In this exercise, return the whole listing exactly, excluding any images.

__INFORMATION PROVIDED__.
=====

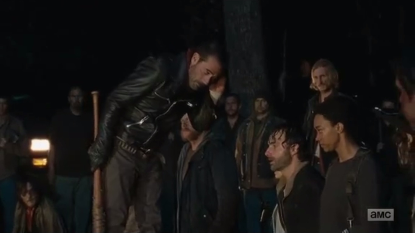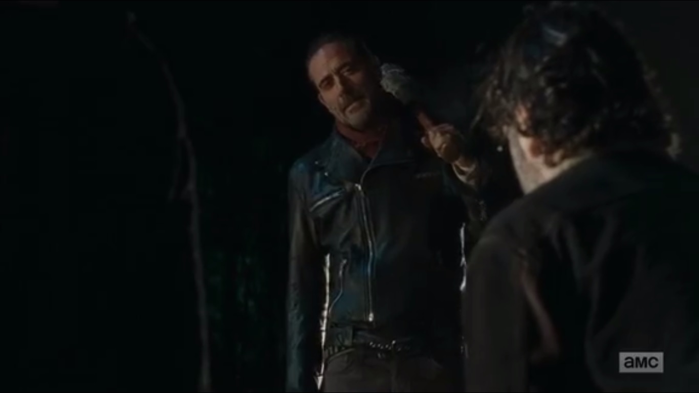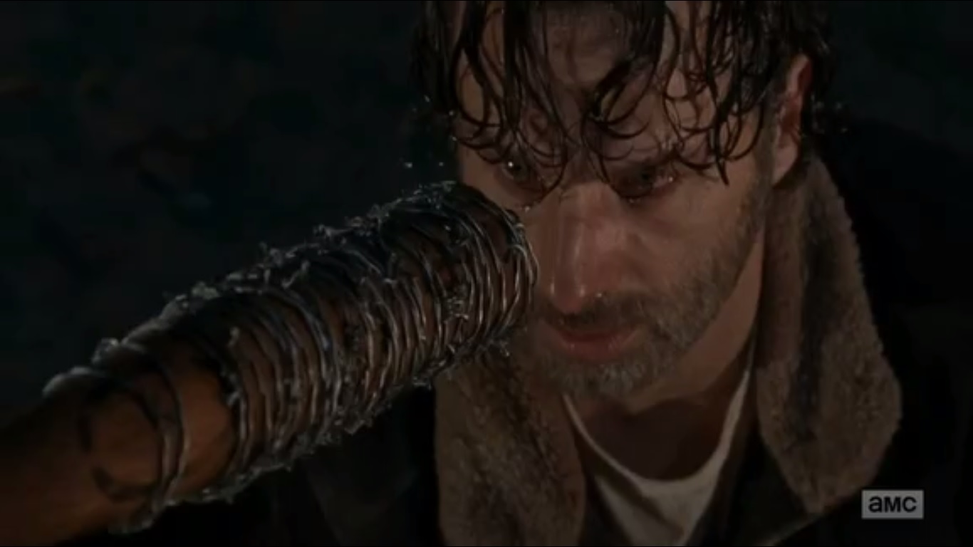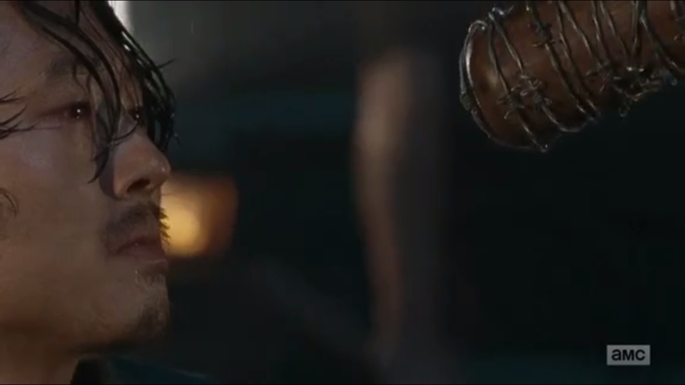 It’s taking the easy way out instead of leaving audiences as distressed as the characters would be.  Let us live out this horror with them by showing us who Negan dies.  Don’t do it from a first person perspective and try to justify this as setting up the next season.  It knocks the wind out of you and ruins an otherwise well-directed and tense final moment.
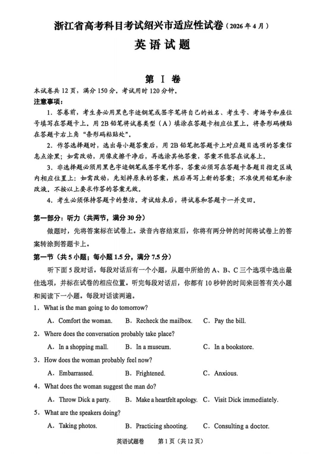 >高三二模|2026年4月绍兴高三二模试卷+答案全(内含下载链接)
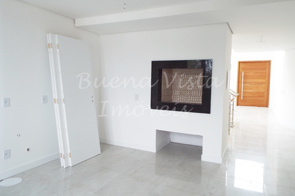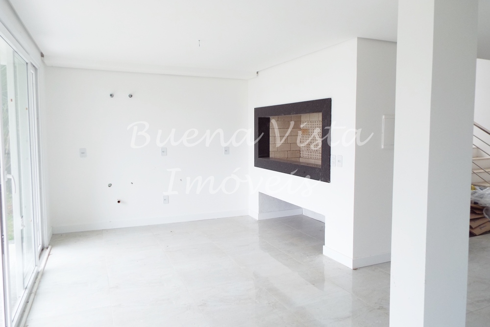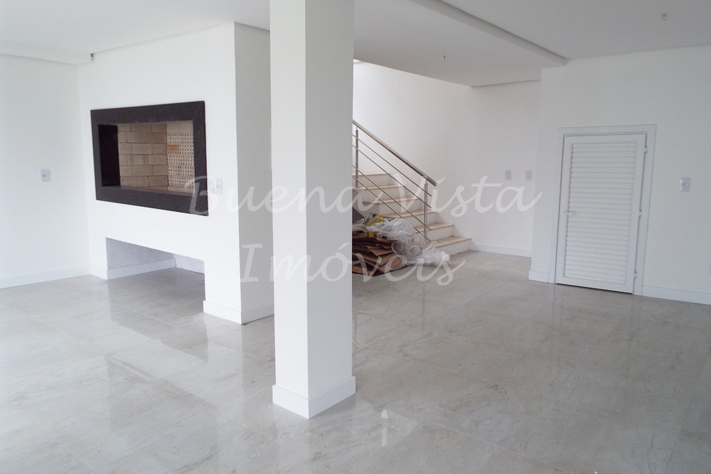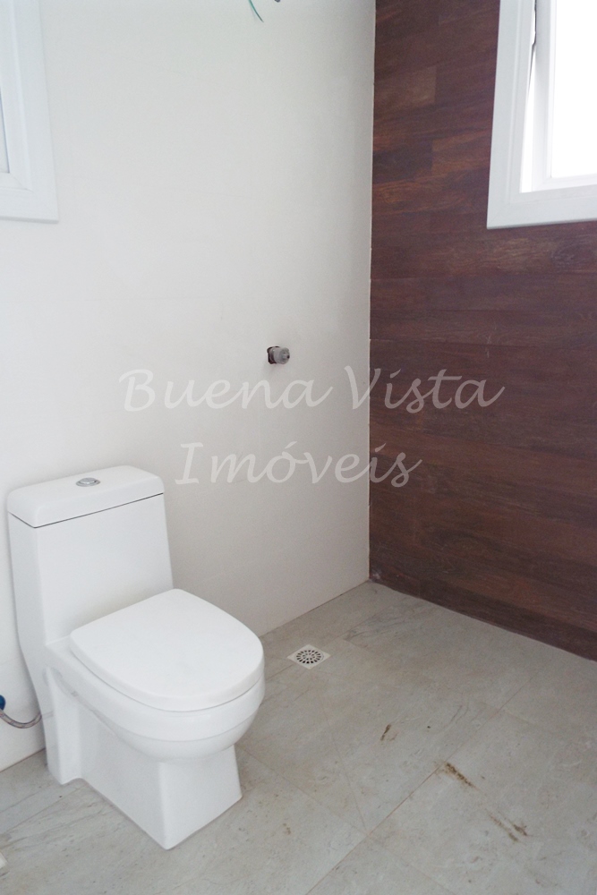 Térreo: Estar com pé direito duplo, jantar e cozinha com churrasqueira, lavabo, suíte térrea.

=====

__SOLUTION TO THE EXERCISE__.
 It’s taking the easy way out instead of leaving audiences as distressed as the characters would be.  Let us live out this horror with them by showing us who Negan dies.  Don’t do it from a first person perspective and try to justify this as setting up the next season.  It knocks the wind out of you and ruins an otherwise well-directed and tense final moment.
 >高三二模|2026年4月绍兴高三二模试卷+答案全(内含下载链接)
 Térreo: Estar com pé direito duplo, jantar e cozinha com churrasqueira, lavabo, suíte térrea.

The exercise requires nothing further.